You may have noticed in the descriptions above, in particular those of "const int *i[3]", "int * const i[3]", and "const int * const i[3]", that the terminology used is not "constant array," but is "array of constant ..." instead. A brief explanation is in order.
If, while parsing a declaration, the last type is an array type and the current type is a qualified type, we say that the elements of the array should inherit the qualified type and not the array type itself. This makes sense when you consider some of the idiosyncrasies of array types and arrays, specifically that an array represents an address and does not have many other attributes beyond that since the address is merely some memory location. Besides, it's actually the elements of the array that we want to give the qualification to because we do not want anything to be assigned to them. In addition, you should keep in mind that an array invocation is also a constant.
MSC Extensions
Along with ANSI, Microsoft has also considered it necessary to add new keywords to the C language (see Figure 12). Four of them are applicable to attributes given to functions.
Microsoft has extended the K&R and ANSI definitions with extensions of two keywords in the area of qualifiers, as follows: far near huge cdecl pascal fortran interrupt
The first three, cdecl, pascal, and fortran, deal with calling functions written in a language other than C (BASIC, FORTRAN, MASM, or Pascal) or letting C functions be called from other languages. These special keywords are really compiler directives that tell the compiler to generate code so that parameters to a function are handled as if they were in the language used in the function being called. So, in order to declare a function from C that might be written in Pascal, you would use:
extern int pascal func(long, int);
A pointer to such a function might look like this:
int (pascal *fp)(long, int);
The interrupt keyword is also a compiler directive and thus informs the compiler to generate special code. In this case the code would allow the function that is given the interrupt attribute to function according to a certain sequence of events that interrupt handlers should follow.

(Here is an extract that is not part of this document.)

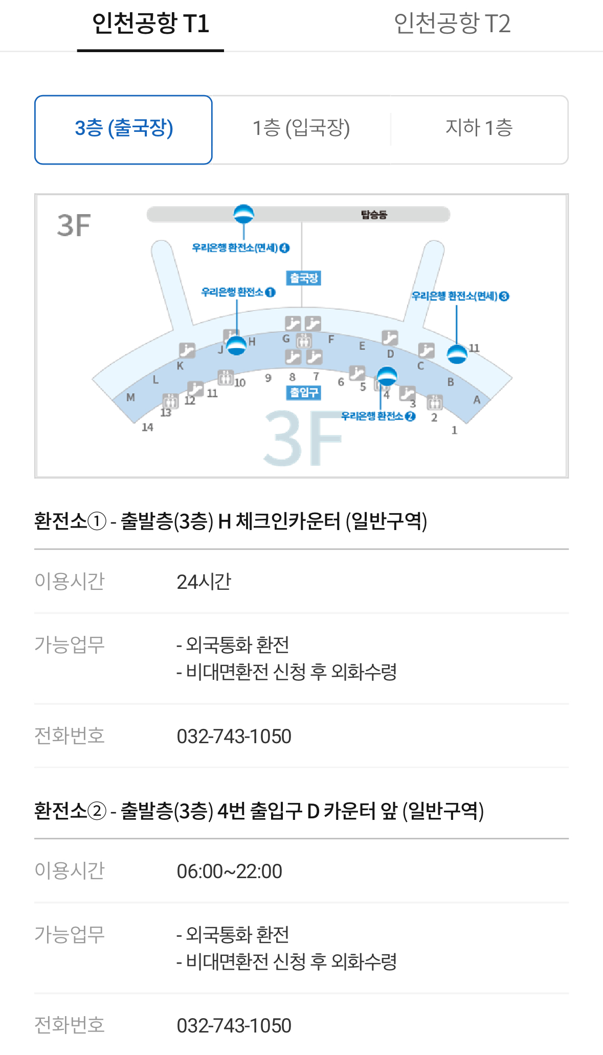 인천국제공항 제1여객터미널 우리은행 공항환전소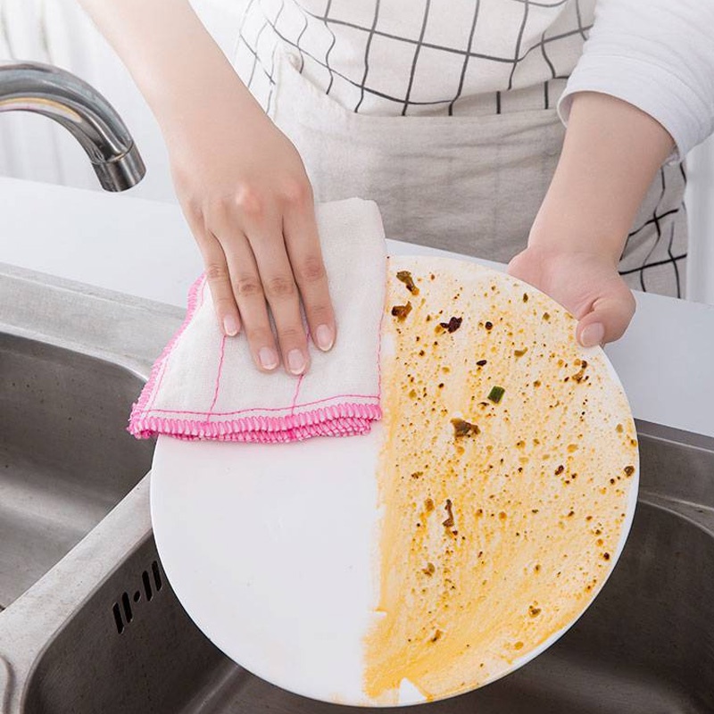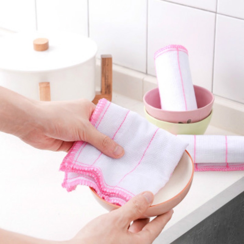 纖維洗碗布 吸水 抹布 擦手巾 毛巾 清潔布 洗碗巾 厨房洗碗布桌布抹布 棉纱洗碗巾【B344】五層粉白26*26cmCleaning ClothsFS生活品專賣

The other three special keywords, near, far, and huge, deal with addressing an object on a machine that supports a segmented architecture such as that of the Intel microprocessor family, the 80286/88 and 8086/88 series). These keywords, especially the far attribute, will be used often in the mixed-memory model programming typical of this architecture.

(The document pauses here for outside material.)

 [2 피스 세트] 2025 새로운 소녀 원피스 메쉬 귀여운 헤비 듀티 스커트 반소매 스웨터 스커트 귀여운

Microsoft C treats all the special keywords as if they were declarator (not declaration) qualifiers, that is, they can only modify syntactic entities on the right-hand side of a declaration and cannot modify base types, such as int, directly. The Microsoft C manual states that the special keywords modify the "item" immediately to their right in a manner similar to the const keyword. The manual's description is incomplete on this, though.
Recalling the discussion on the ANSI additions, this means that the special keywords either modify an identifier or pointer, that is, they modify objects or pointers to objects. There is a difference between the ways these are handled, however, which is not clear from the manual. In Microsoft C, the syntax is organized so that pointers can be modified by one of the special keywords. Therefore a sequence such as
int (far *p);
is valid, but since ANSI prohibits such syntax
int (const * p);
is not. What this boils down to is that Microsoft C will accept a declarator syntax of
MODIFIER * more_declarator_info
while ANSI only accepts
* QUALIFIER more_declarator_info
where MODIFIER and QUALIFIER are optional positional parameters.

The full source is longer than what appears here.